Physicians should be not be political puppets.

How exactly will the cash-strapped Liberals deliver this expensive wish-list when they won't even fund basic care? How exactly will they reform a health-care system affecting 13.7 million people when they have vilified and alienated front-line doctors, field experts in that very system? Why are they super-sizing "inefficient" and "ineffectual" LHINs, criticized not just by the Auditor General but by high-level industry insiders?

The proposed legislation, Bill 210 reads like Orwell's nightmare: layers of bureaucracy; intrusive government control; non-medical experts dictating medical standards of care; health service providers denied the right to reject unsafe and unsustainable contracts; removal of independent oversight by Ontario's Ombudsman... the list goes on.
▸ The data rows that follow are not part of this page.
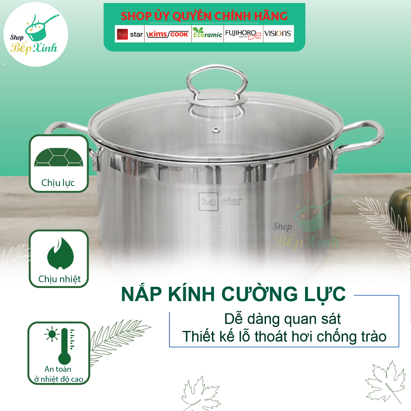 Bộ Nồi Xửng Hấp 26cm Inox 3 Đáy Fivestar Nắp Kính Dùng Bếp Từ
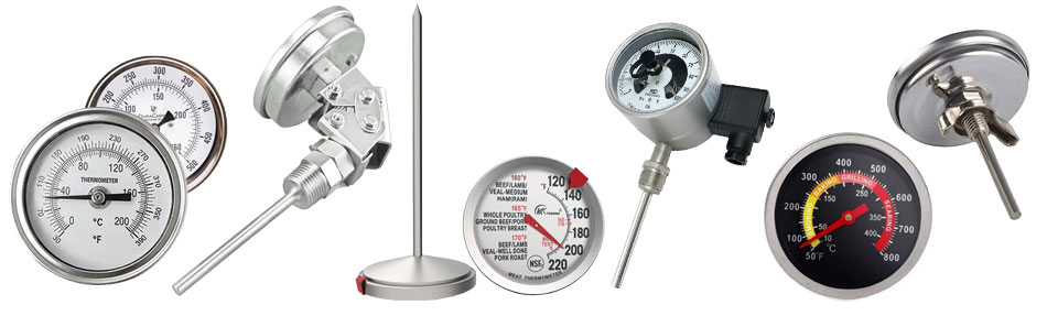 อุปกรณ์เหล่านี้ใช้โลหะสองชนิดที่เชื่อมติดกันซึ่งขยายตัวในอัตราที่แตกต่างกันเมื่อได้รับความร้อน ความแตกต่างในการขยายตัวทำให้แถบโค้งงอ ซึ่งทำให้เข็มเคลื่อนไปตามมาตราส่วน
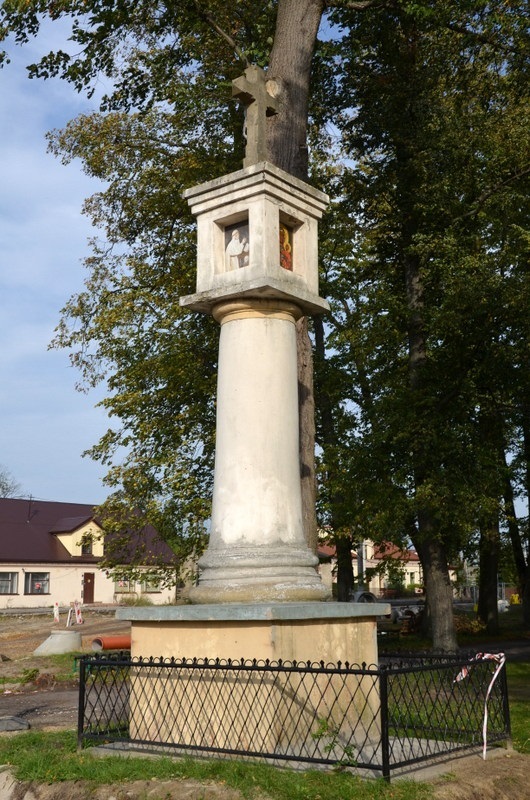 Przy wejściu na aleję prowadzącą do Sanktuarium Świętej Anny stoi wysoka kolumna, na której umieszczona jest kapliczka. Zwężająca się ku górze kolumna posadowiona jest na prostej podstawie. Kapliczka wieńcząca kolumnę wykonana jest na rzucie kwadratu, jest murowana, zakończona wielowarstwowym gzymsem i nakryta czterospadowym daszkiem z krzyżem na szczycie. Na krzyżu figurka ukrzyżowanego Chrystusa. W ścianach kapliczki wykonane są prostokątne wnęki, w których umieszczone są obrazy z wizerunkami świętych, w tym obraz Matki Boskiej Częstochowskiej z Dzieciątkiem.
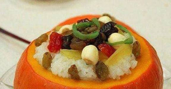 在这里,南瓜不仅仅是一个容器,它还可以保持一个很高的温度,能够保证吃到里面的糯米饭是软乎乎的。并且在吃的时候,因为蒸的已经很软透了,所以吃一勺糯米,吃一勺米饭,再吃一点南瓜。这样,一道很有诚意的南瓜八宝饭就完成了。
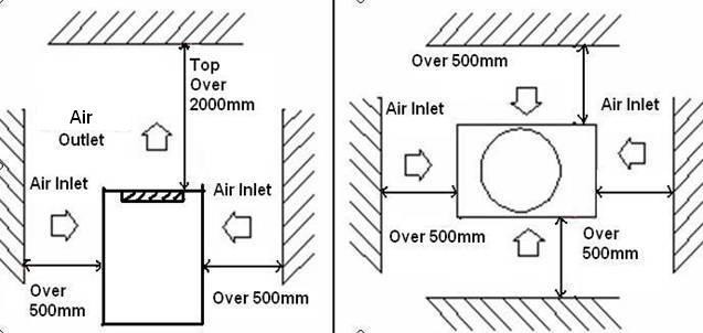 Tất cả các tiêu chí được đưa ra trong các phần sau phản ánh khoảng cách tối thiểu. Tuy nhiên, mỗi công trình lắp đặt cũng phải được đánh giá, có tính đến các điều kiện khí hậu địa phương và khoảng cách và chiều cao của các bức tường ngăn cách, khoảng cách với các khu vực tiếp cận công cộng. Bơm nhiệt phải được đặt có khoảng cách để tạo khe hở ở tất cả các phía để bảo dưỡng và kiểm tra.
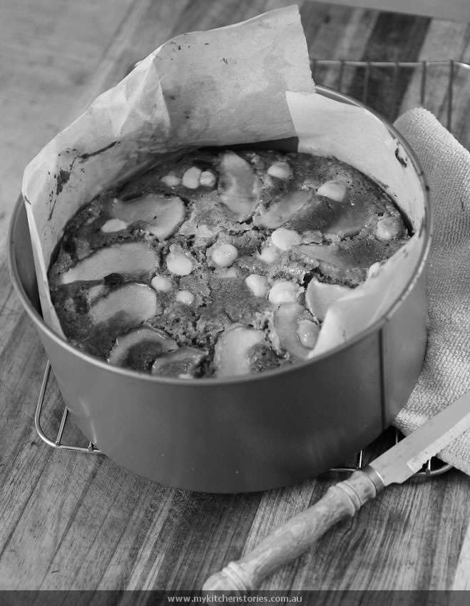 - Spoon into the prepared cake tin and flatten with a spoon. Garnish with sliced apples painted with a little butter sprinkle with the extra nuts and a little raw sugar if you like. ( I do!).
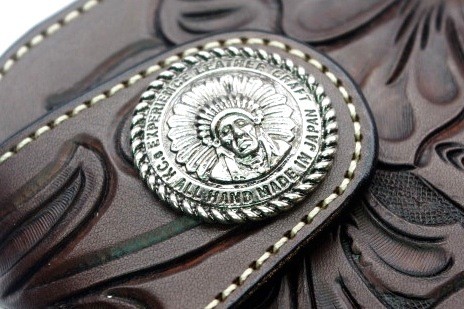 アンチモニー合金製のオリジナルコンチョです。熟練職人が原形から製作しました。細工が細かく中央のロゴが立体的に浮かび上がる高級感のある手の込んだデザインです。裏はスクリュー(ネジ式)になり、真鍮製のネジが付属致します。2.5mmサイズの六角レンチで簡単に交換可能です。
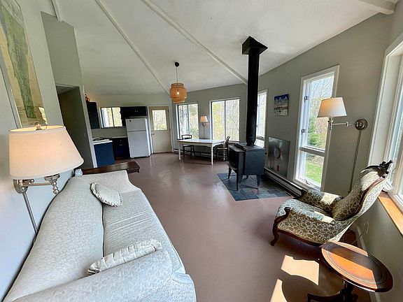 Nestled in the hills of South Strafford, Vermont, this can be either a full time or seasonal property. The single level home has both electric baseboard heat and a wood stove. Three bedrooms with closets and a full bathroom as well as laundry facilities in the primary bedroom's closet make occupying this property seamless if traveling from afar or arriving home from a long day's work. The 3.49 surveyed acres include a portion across the road from the main lot, adding to privacy and creating a barrier against potential future development. A large barn with an open attached four car garage has a poured-floor workshop as well as an upstairs space that is currently being used as a personal library. Either floor (at 900' each) could, with permitting, be converted to a living space. Electricity and phone are installed and septic and water lines are buried out to the barn. The yard space is open and level, with walnut, chestnut and apple trees, as well as Rose of Sharon. A shed adjacent to the garage holds property maintenance equipment. A private location but ten miles from Routes I91 and I89 and 29 miles from Dartmouth/Hanover. If you're looking for a balance between nature and convenience, this may be the property for you.

Not that long ago, hospital CEOs characterized Ontario's Ministry of Health as "bullying." Bill 210 will grant them absolute power, empowering the Ministry to unilaterally impose contracts on everyone and anyone -- not just physicians -- once negotiations fail. The word "comply" lurks everywhere: providers must comply with LHINs, who must comply with Ministry mandate -- even at the risk of patient welfare.

Physicians should be not be political puppets. But I fear that if this legislation is passed -- and it will, given that the Liberals are a majority -- gone will be the days where the doctor-patient relationship could be safeguarded against political interference.

I feel helpless, unable to bail out the sinking life raft that is our health-care system.

Physician burnout is defined by emotional exhaustion, lack of professional autonomy and efficacy, and depersonalization. Check, check and, on really bad days, check.

Ontario's health-care system is about to face the devastating consequences of a workforce in crisis. The very people holding this broken system together are about to sink under.